The Court noted that, in a private nuisance claim, the cement company could be found liable only if its conduct was the legal cause of an interference with the someone else’s enjoyment of his or her property. Such interference had to be intentional and unreasonable, or unintentional and reckless. In this case, the residents testified as to soot, sand, and noise from the time the cement company began operations, but the residents did not provide any evidence that it came from the cement company’s facility. Consequently, the claim that the cement company caused the sand, soot, and noise was merely speculative. The Court also noted that the group’s claim that the cement facility endangered the health and welfare of the residents was also flawed because their expert’s report looked at the waterfront area as a whole, but did not tie the cement facility’s operations to residents’ health problems.
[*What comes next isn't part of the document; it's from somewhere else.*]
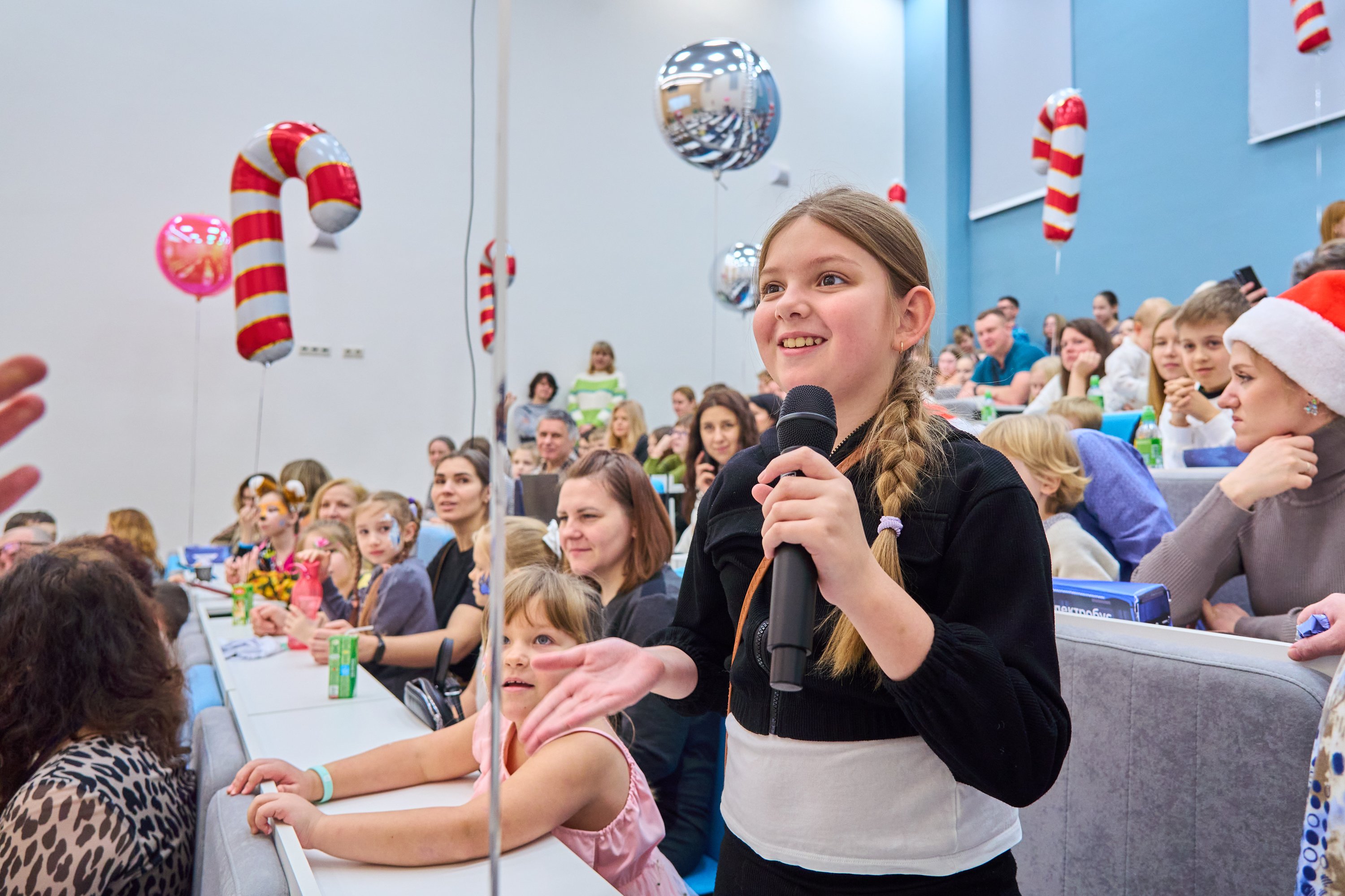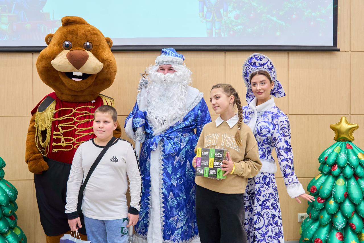После активностей Дед Мороз и Снегурочка вручили детям вкусные угощения и памятные подарки, с которыми дети смогут проводить исследования дома. Самые активные ребята участвовали в новогодней викторине, где за каждый правильный ответ дети получали спецпризы.

With respect to NJDEP, the group claimed that by issuing the permits in a residential area whose makeup was predominately comprised of minorities, NJDEP violated Title VI of the Civil Rights Act of 1964. The Court noted that in order to prevail, the group had to demonstrate that the issuance of the permits for the cement facility had a disproportionate effect on minorities, and also that NJDEP was guilty of intentional discrimination against minorities. If NJDEP’s policies were facially neutral, they would not violate the equal protection clause merely because they disproportionately affected minorities. In such a case, one would need to prove that NJDEP adopted the policies “because of” and not merely “in spite of” its adverse effects on minorities. Therefore, the group needed to demonstrate a pattern of NJDEP’s approval of sites for industrial facilities, and that race was such a significant factor that NJDEP’s decisions were unexplainable on grounds other than race. The Court noted that the group’s expert testified that other factors such as population density and industrial land use could also explain why NJDEP approved industrial facilities in certain areas. It also noted that there was no evidence as to the racial makeup of the neighborhood at the time the industrial facilities moved into the area, nor was there any evidence as to whether NJDEP permits were required and issued for those facilities at that time. Lastly, the Court found no evidence on NJDEP’s part to discriminate against minorities when it issued permits authorizing the construction and operation of the cement facility. Therefore, it found no violation of Title VI.